Uncertainty Quantification

MC/DC supports sampling-based (non-intrusive) uncertainty quantification (UQ). The fundamental challenge in combining UQ with Monte Carlo transport is that the solver itself introduces stochastic noise, which can bias or obscure the UQ statistics of interest.

Variance Deconvolution

The core technique implemented in MC/DC is the variance deconvolution estimator. When uncertain input parameters (e.g., cross sections, densities) are sampled across multiple realizations, the total observed variance in the output contains contributions from both the parametric uncertainty and the Monte Carlo statistical noise.

By the law of total variance,

\[\text{Var}[Y] = \text{Var}[\mathbb{E}[Y \mid \theta]] + \mathbb{E}[\text{Var}[Y \mid \theta]]\]

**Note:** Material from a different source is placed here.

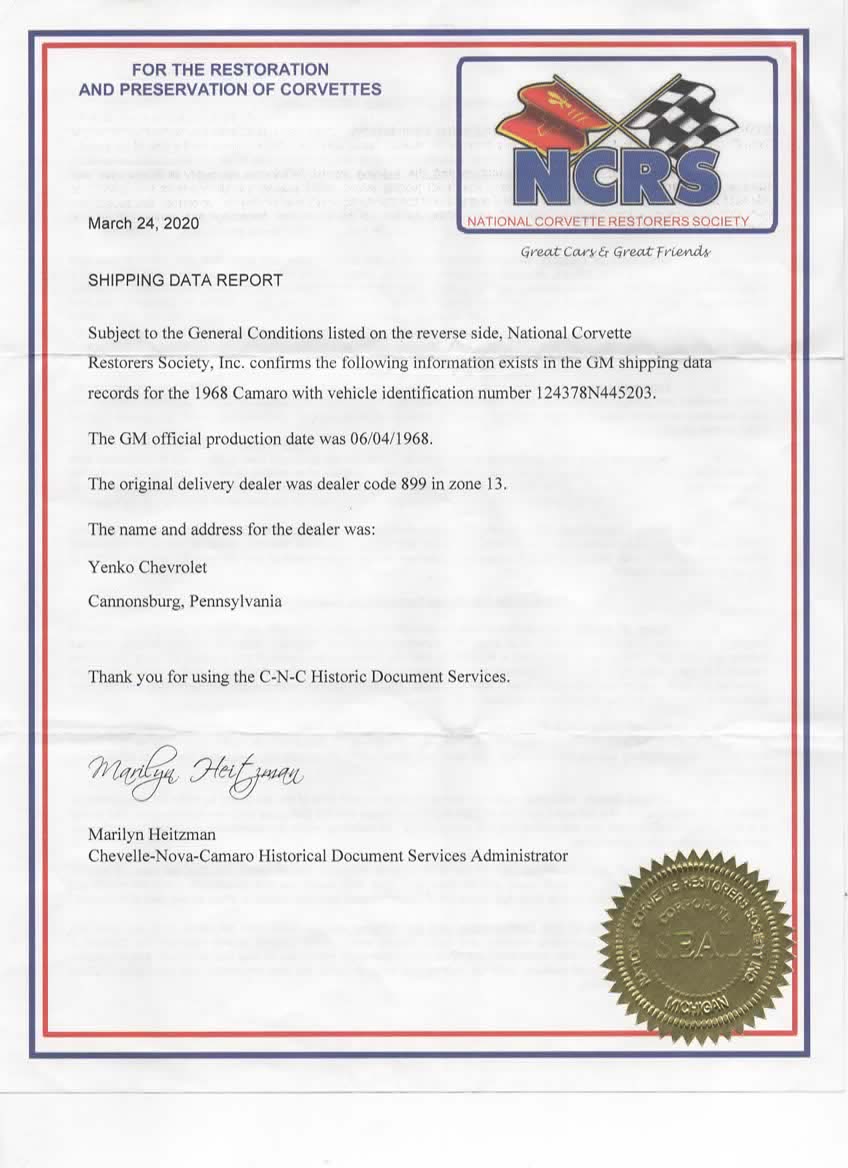 Super cool being both Yenko sold plus having such a positive Joel letter, even better also best of luck if you can uncover anything of its history. For those who may’ve missed it, here's a link to when it was on Hemmings… https://www.hemmings.com/stories/los...72ZybRrZr6kUlg 124378N445203 ![]() ~ Pete .

where \(Y\) is the quantity of interest and \(\theta\) represents the uncertain parameters. The first term is the UQ variance we want to estimate, while the second term is the MC noise that must be subtracted. The variance deconvolution estimator uses the batched variance estimates from each realization to separate these two contributions, enabling accurate UQ variance computation even when the MC noise is significant.

Implementation

MC/DC uses a dedicated RNG stream (SEED_SPLIT_UQ) for UQ samples, keeping them statistically independent from the transport random walks. UQ variance statistics are stored in the output HDF5 file alongside the standard tally results, allowing post-processing of both the mean response and its parametric uncertainty.

For more details, see:

      1. Clements, G. Geraci, A. J. Olson, and T. S. Palmer. “A variance deconvolution estimator for efficient uncertainty quantification in Monte Carlo radiation transport applications.” JQSRT (2024). DOI 10.1016/j.jqsrt.2024.108958.

      1. Clements, G. Geraci, A. J. Olson, and T. S. Palmer. “Global Sensitivity Analysis in Monte Carlo Radiation Transport.” M&C 2023.